Remember the exchange group I mentioned earlier? Among the more than 100 people who have achieved results in self-study, they can be counted on one hand, and a large part of the rest are talking about bragging, and it is more difficult to persevere.
Reasons for failure: We analyzed that there are two major reasons:
1. There is no mature route. People in this major don't know where to find the route, let alone those who change careers?
Second, there is no one to guide and wrong learning methods. To put it bluntly, it is hard training.
3. Poor self-control + too many temptations, unable to calm down and study, and the learning progress has been stagnant for several months;
Antidote to defeat:
1. The correct and appropriate route .
2. The courage to win . In historical marches and wars, morale is very important. You must have confidence, otherwise you will continue to fall into self-doubt and then embark on the road of giving up.
3. Small goals and continuity . Learning Internet security requires continuous learning. Continuous learning is very important. You must also have your own small goals, such as how much to learn in 15 days/month, what kind of results you want to make, This kind of continuous confirmation and feedback to strengthen confidence and achievements will naturally have continuous motivation. Or let a cruel person supervise you and beat you often. And the way to try to punch in. But I don't recommend joining groups. Groups either become purposeful and profitable, or they are suitable for work plus fishing.

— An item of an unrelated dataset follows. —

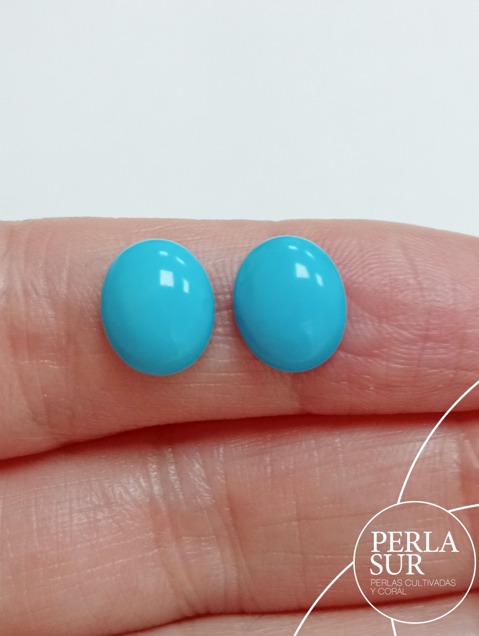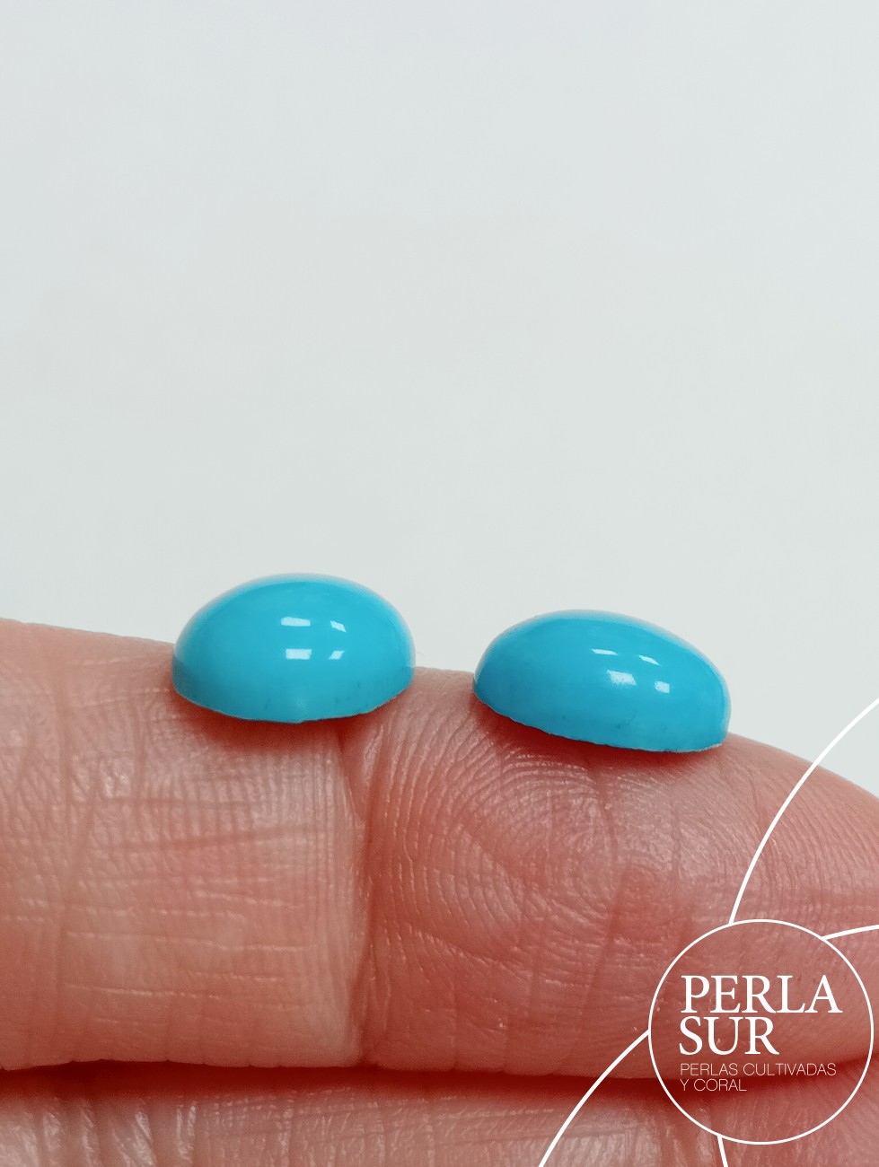 Pareja cabujones ovales 8x10mm turquesa natural. Tono azul oscuro.

Fourth, practice more and review more .
5. Don't rush for success . Generally speaking, the self-study time is 6 to 10 months, so don't worry, and don't go for an interview when your skills are not solid, it will only make us feel frustrated.
Persistence in self-study is really important, keep the clouds open and see the moonlight.
After the self-study is over, our pain points will still exist:
The end of self-study does not mean that we can smoothly transition to employment, and we still have several pain points.
The following pain points will appear in most self-learners, and even cause many self-learners to give up. I feel very, very, very sorry. I have already learned this by myself. Are you willing to give up?
1. The mastery of skills is not solid. To solve this problem, we need to practice more and review more, and second, we need to do a complete project to exercise our skills.
2. Writing resume for interview. Regarding whether to pack your resume or not, I can give an answer. If you have graduated for a few years, please pack your resume. Fresh graduates do not need to pack their resumes.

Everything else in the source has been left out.